Zgłaszający miał widzieć dym w sporej odległości, a samolot miał spaść prawdopodobnie w okolicy miejscowości Majków Mały. Powiadomiono także Aeroklub Ziemi Piotrkowskiej. Z lotniska natychmiast wystartował samolot, aby z góry ustalić miejsce wypadku. Powiadomione zostały także krajowe służby lotnicze, a na miejsce skierowano śmigłowiec wojskowy, który patrolował teren.
Mimo szeroko zakrojonych poszukiwań samolotu nie odnaleziono, a samo zgłoszenie okazało się fałszywym alarmem.
Policja zweryfikowała zgłoszenie. Osoba zgłaszająca potwierdziła, że widziała taki fakt. Nie była jednak w stanie określić, czy widziała samolot, czy sam dym. Prawdopodobnie był to dym, który przypadkowo pojawił się wraz z przelotem samolotu. W tym konkretnym przypadku nie było to absolutnie złośliwe działanie osoby zgłaszającej.
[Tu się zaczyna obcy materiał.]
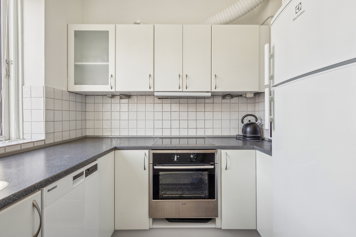 Lejligheden har 2 værelser, herunder et soveværelse, hvilket gør den ideel for enkeltpersoner eller par, der søger en midlertidig bolig, eksempelvis i forbindelse med genhusning. Køkkenet er separat og rummeligt med god plads til opbevaring og madlavning. Det er udstyret med en mikroovn for ekstra bekvemmelighed.

Jeśli widział taki fakt, to właściwie zareagował. W przypadku jednak, gdy ktoś celowo wprowadza w błąd służby i uruchamia całą akcję ratunkową, to grozi mu odpowiedzialność karna - relacjonuje młodszy brygadier Piotr Kaźmierczak z Państwowej Straży Pożarnej w Piotrkowie.